AIM OF THE EXERCISE –
Extract, exactly as written, each line from the start of the records below to the line containing "The fabric is", both ends included; drop the pictures.
---------- SOURCE MATERIAL ----------
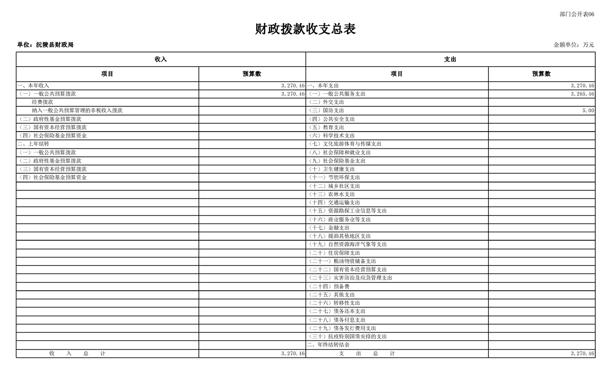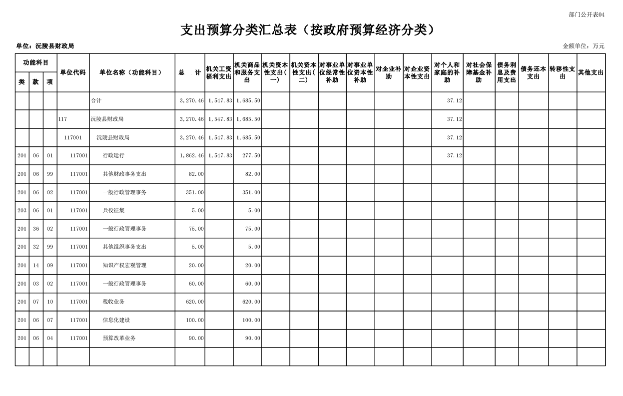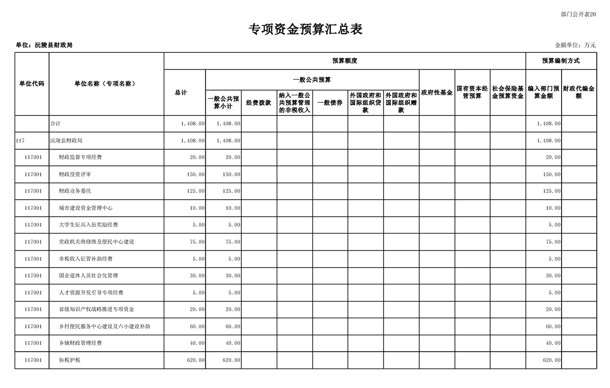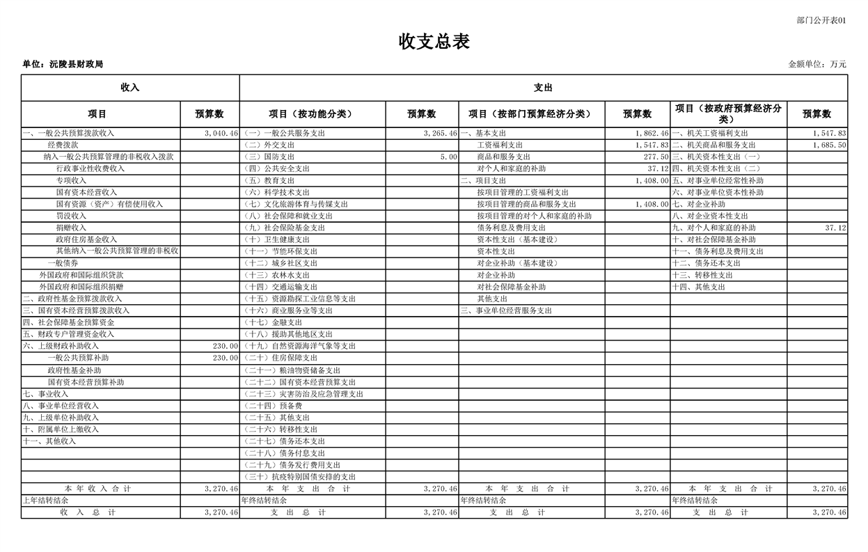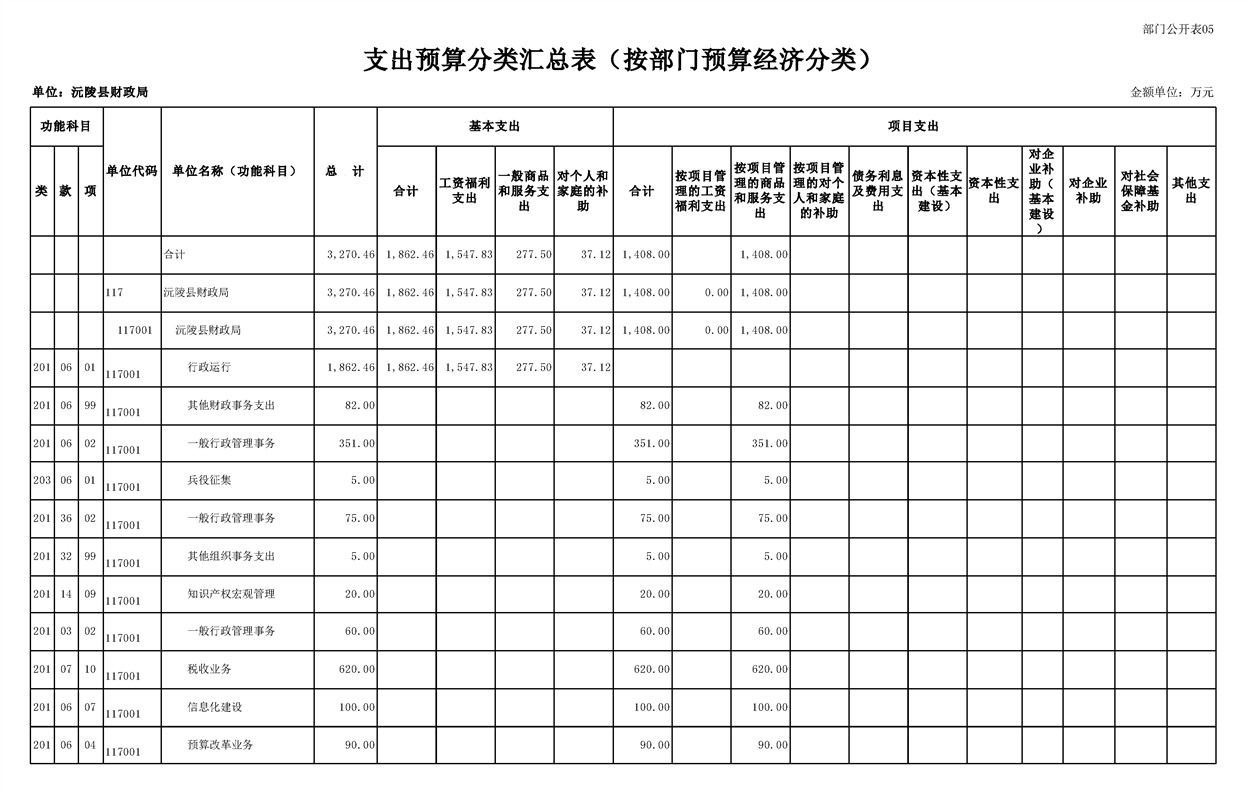 2023年沅陵县财政局预算公开
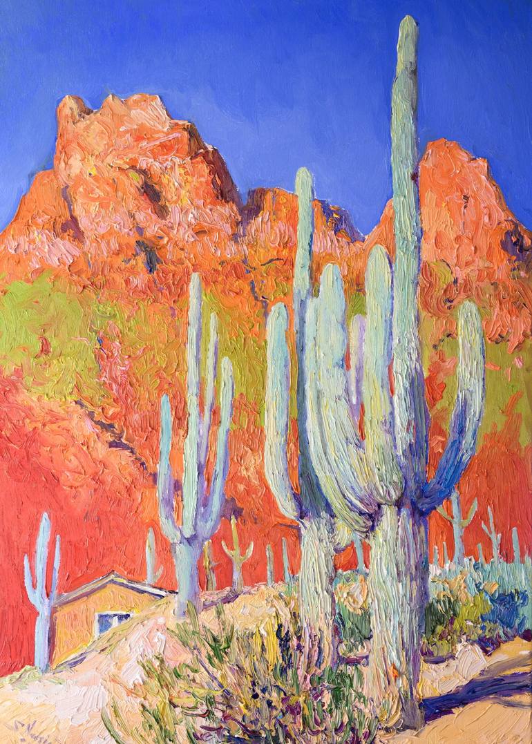 The soft turquoise-green shape of Saguaro cactuses and red rocks in the Arizona desert create a beautiful contrast full of life and energy from the sun. The artwork is on oil-primed canvas, stretched on wooden bars. It has a wire on the back to be displayed even with no frame. ,
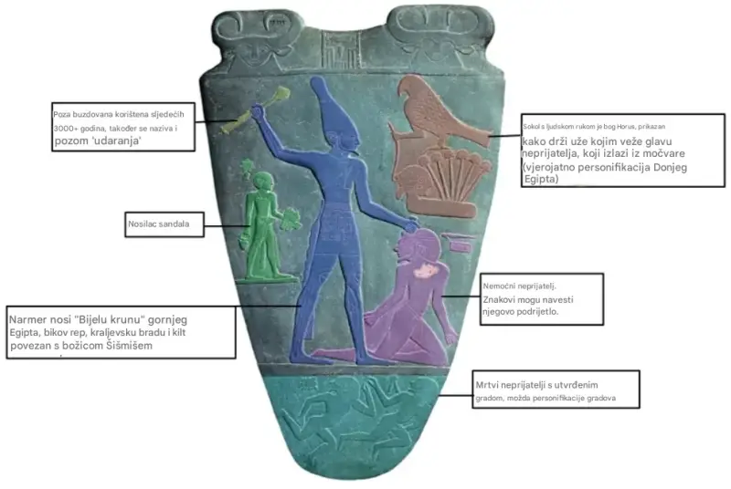 Pod Narmerovim nogama leže još dvije žrtve, sa malom slikom utvrđenog grada iznad i desno od njih.
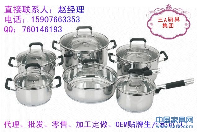 高檔不銹鋼廚具、湯鍋、炒鍋、煎鍋、奶鍋、蒸鍋、刀叉、碗筷碟子等眾多款式,批發(fā)、零售、代理還可以加工定做,OEM貼牌生產(chǎn)!廠家直銷(xiāo)?。?!櫥柜、炊具等產(chǎn)品配套的最佳選擇!消費(fèi)者最?lèi)?ài)的禮品,贈(zèng)品!
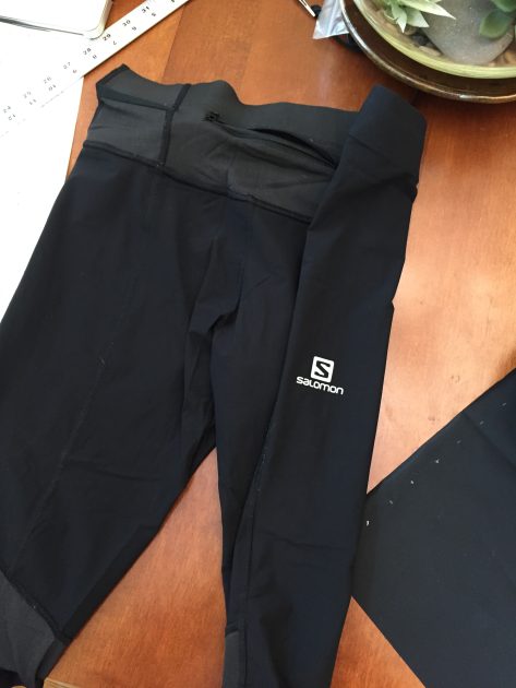 The fabric is upcycled from a pair of Solomon running tights I bought at an REI Garage Sale that ended up being a tad see thru. The fabric was so cool, I kept them and intended to make them into pack strap water bottle holders . If you want to add a bottom pocket to your kit, just cut the fabric to fit the bottom flap before it’s sewn in place and layer it in. Before sewing, I pulled the side that would be the opening a little taut and inserted the stretchy Solomon drawstring into the hem of the pant leg for a drawstring pocket closure. Don’t want those snacks falling out!
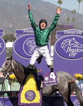 Dettori is a champion jockey in Europe and known around the world for his flying dismounts after important victories. In Goins's winning photo, he captures a delighted Dettori, arms and legs in the air, over the gray Donativum, owned by Princess Haya of Jordan and Darley Stable. The full frame, shot with a Canon 70-200mm zoom lens at 75mm, captured palm trees to the left of the winner's circle and the San Gabriel Mountains in the background. Honorable mention in the Photography category went to Alexander Barkoff, whose photo of a morning sunrise on the Fair Grounds backstretch was published in the New Orleans Times Picayune on November 9, and to Matt Wooley, whose photo of Big Brown winning the Kentucky Derby (G1) appeared in Daily Racing Form on May 6. The panel of judges in the Photography category comprised Ed Reinke, The Associated Press, Louisville, Kentucky; Jim Gensheimer, San Jose Mercury News and Dan Farrell, former photographer for New York Daily News. Eclipse Awards are given to recognize members of the media for outstanding coverage of Thoroughbred racing. Eclipse Awards are bestowed upon horses and individuals whose outstanding achievements have earned them the title of champion in their respective categories. Awards also are given to recognize members of the media for outstanding coverage of Thoroughbred racing. The Eclipse Awards are named after the great 18th-century racehorse and foundation sire Eclipse, who began racing at age five and was undefeated in 18 starts, including eight walkovers. Eclipse sired the winners of 344 races, including three Epsom Derbies. The 2008 Eclipse Awards ceremony will be held on January 26, 2009, at the Fontainebleau Miami Beach in Miami Beach, Florida. For hotel accommodations and Eclipse Awards dinner reservations, contact Michele Ravencraft at the NTRA's Lexington office, (800) 792-6872, or e-mail mravencraft@ntra.com.
----------
SOLUTION TO THE PROBLEM –
 2023年沅陵县财政局预算公开
 The soft turquoise-green shape of Saguaro cactuses and red rocks in the Arizona desert create a beautiful contrast full of life and energy from the sun. The artwork is on oil-primed canvas, stretched on wooden bars. It has a wire on the back to be displayed even with no frame. ,
 Pod Narmerovim nogama leže još dvije žrtve, sa malom slikom utvrđenog grada iznad i desno od njih.
 高檔不銹鋼廚具、湯鍋、炒鍋、煎鍋、奶鍋、蒸鍋、刀叉、碗筷碟子等眾多款式,批發(fā)、零售、代理還可以加工定做,OEM貼牌生產(chǎn)!廠家直銷(xiāo)?。?!櫥柜、炊具等產(chǎn)品配套的最佳選擇!消費(fèi)者最?lèi)?ài)的禮品,贈(zèng)品!
 The fabric is upcycled from a pair of Solomon running tights I bought at an REI Garage Sale that ended up being a tad see thru. The fabric was so cool, I kept them and intended to make them into pack strap water bottle holders . If you want to add a bottom pocket to your kit, just cut the fabric to fit the bottom flap before it’s sewn in place and layer it in. Before sewing, I pulled the side that would be the opening a little taut and inserted the stretchy Solomon drawstring into the hem of the pant leg for a drawstring pocket closure. Don’t want those snacks falling out!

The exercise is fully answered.